Un nuovo patto tra mafie emerge dall’inchiesta: ’ndrangheta e camorra ora collaborano. Come già nell’operazione Hydra del 2023, la Lombardia diventa terreno di alleanze
MILANO – È l’ennesima inchiesta sulla ’ndrangheta che investe la provincia di Milano: un’operazione che svela una filiera della cocaina dal Sud America alle piazze lombarde, con carichi per oltre 18 milioni di euro e, soprattutto, un’alleanza sempre più stretta tra cosche e altri gruppi criminali. Sono 15 le misure cautelari eseguite (12 in carcere, 3 ai domiciliari), in un’indagine della Guardia di finanza di Milano con il Servizio centrale di investigazione sulla criminalità organizzata (Scico), coordinata dalla Direzione distrettuale antimafia milanese.
L’inchiesta
Secondo gli inquirenti, gli indagati avrebbero dato vita a una presunta associazione criminale armata capace di importare e distribuire droga su larga scala, comunicando con sistemi di messaggistica criptata. Gli arresti sono stati eseguiti tra Milano, Pavia e Reggio Calabria, con perquisizioni supportate da unità cashdog e antidroga. Il quadro investigativo fa emergere ruoli complementari: chi finanzia, chi organizza i carichi, chi custodisce la merce (fino a un caveau), chi smista verso le piazze di spaccio.
L’alleanza ‘ndrangheta-camorra
Non è solo un’operazione di narcotraffico: è il segno di un’evoluzione.

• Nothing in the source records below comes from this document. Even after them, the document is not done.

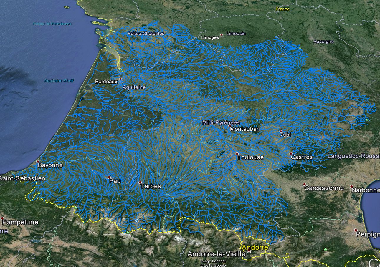 Cette application a été régulièrement améliorée, tant en ce qui concerne le réseau modélisé que les bases de données rejets. En 2011, l’application reprend 40 990 km de rivières (réseau de 2 551 rivières) pour 116 800 km² de bassin versant (bassins versant de l’Adour, de la Garonne, de la Dordogne, de la Charente et de petits bassins côtiers).
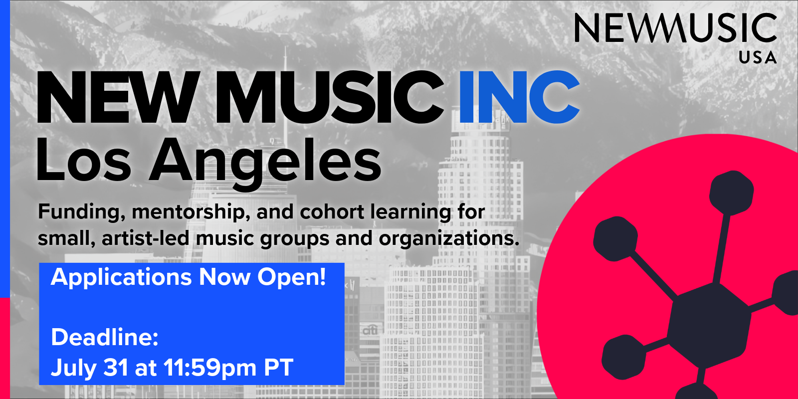 New Music USA announces the opening of applications for New Music Inc Los Angeles (NMI LA). NMI LA is an incubator program designed to help small, artist-led music organizations in Los Angeles generate new ideas, strategies, and collaborations. Made possible by the Music Man Foundation and Perenchio Foundation, the program is open to Los Angeles-based music organizations — including performance groups, ensembles, collectives, record labels, festivals, presenters, and venues — with operating budgets between $10,000 and $500,000. The deadline to apply is July 31, 2025, at 11:59pm PT. The 17-month program will begin in late September.
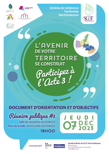 Homepage Agenda Réunion de Concertation du Public sur le Document d'Orientation et d'Objectifs (DOO) Share Réunion de Concertation du Public sur le Document d'Orientation et d'Objectifs (DOO) Halle d'Auvillers-les-Forges Thursday 07 December 2023 From 18:00 to 23:45 Contact Itinerary
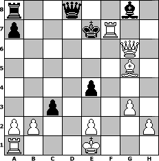 game notation in PGN-format [Event "April April April"] [Site "www.myChess.de"] [Date "2016.04.15"] [Round "1"] [White "espero"] [Black "Joschi"] [Variant "Fischerrandom"] [SetUp "1"] [FEN "rqnnkrbb/pppppppp/8/8/8/8/PPPPPPPP/RQNNKRBB w KQkq - 0 1"] [WhitemyELO "1808"] [BlackmyELO "1522"] [Result "1-0"] [TimeControl "10/2592000"] [WhiteDays "69"] [BlackDays "90"] [MyChessNo "103301"] 1. f4 f5 2. g3 g6 3. c3 e5 4. fxe5 Bxe5 5. d4 Bg7 6. Nd3 d5 7. N1f2 Nc6 8. Nf4 N6e7 9. N2d3 Nd6 10. Ne5 Ne4 11. Be3 Qd8 12. Qd3 c5 13. Qb5+ Nc6 14. Nxc6 bxc6 15. Qxc6+ Ke7 16. Bxe4 dxe4 17. Nxg6+ hxg6 18. Qxg6 Rf7 19. Rxf5 cxd4 20. Bg5+ Bf6 21. Rxf6 dxc3 22. Rxf7+ 1-0 position notation in FEN-format r2q2b1/p3kR2/6Q1/6B1/4p3/2p3P1/PP2P2P/R3K3 - Q - 0 22 Captured white pieces: ![]() ![]() ![]() ![]() ![]() ![]() ![]() ![]() ![]() ![]() ![]() ![]() ![]() ![]() ![]() Captured black pieces: ![]() ![]() ![]() ![]() ![]() ![]() ![]() ![]() ![]() ![]() ![]() ![]() ![]() ![]() ![]() Click on a captured piece in order to display the desired move!

Fino a ieri le mafie si facevano la guerra; oggi collaborano quando conviene al business. Un precedente emblematico è l’indagine Hydra (novembre 2023), definita dai magistrati come un vero e proprio “consorzio delle mafie” in Lombardia: ’ndrangheta, camorra e cosa nostra sedute allo stesso tavolo per spartirsi affari e territori. La rottura dei vecchi steccati torna qui con forza: meno conflitto, più cooperazione.
I collegamenti mafiosi
La rete smantellata avrebbe intrattenuto rapporti con esponenti delle ’ndrine Papalia-Carciuto, Marando-Trimboli e Barbaro “’U Castanu”, oltre che con un gruppo di matrice camorristica ritenuto satellite del clan Di Lauro e con referenti albanesi. Un mosaico di interessi convergenti che conferma la capacità delle cosche di tessere alleanze trasversali quando si tratta di cocaina e denaro.
I numeri del traffico
In poco più di dodici mesi sarebbero stati movimentati carichi per un controvalore superiore a 18 milioni di euro. Il canale di approvvigionamento porta al Sud America, l’ultimo miglio alle principali piazze di spaccio della Lombardia e in particolare in provincia di Milano.
Metodo e logistica
La rete, stando agli atti, funzionava con compiti separati e comunicazioni limitate tra i vari livelli: c’era chi metteva i soldi per i carichi, chi seguiva gli arrivi, chi nascondeva la droga in caveau o depositi sicuri e chi riforniva gli spacciatori. Ogni persona conosceva solo la propria porzione di catena, così se uno cadeva non poteva far saltare il resto. Telefoni blindati, chat criptate e contatti ristretti servivano a schermare i collegamenti tra i ruoli e a ridurre l’esposizione alle indagini.
Il punto
L’operazione certifica due verità: la pervasività della ’ndrangheta nell’area metropolitana milanese e la progressiva normalizzazione di intese operative con altre mafie. Prima facevano la guerra; oggi, quando si tratta di cocaina e soldi, fanno la pace. E Milano, ancora una volta, è il crocevia.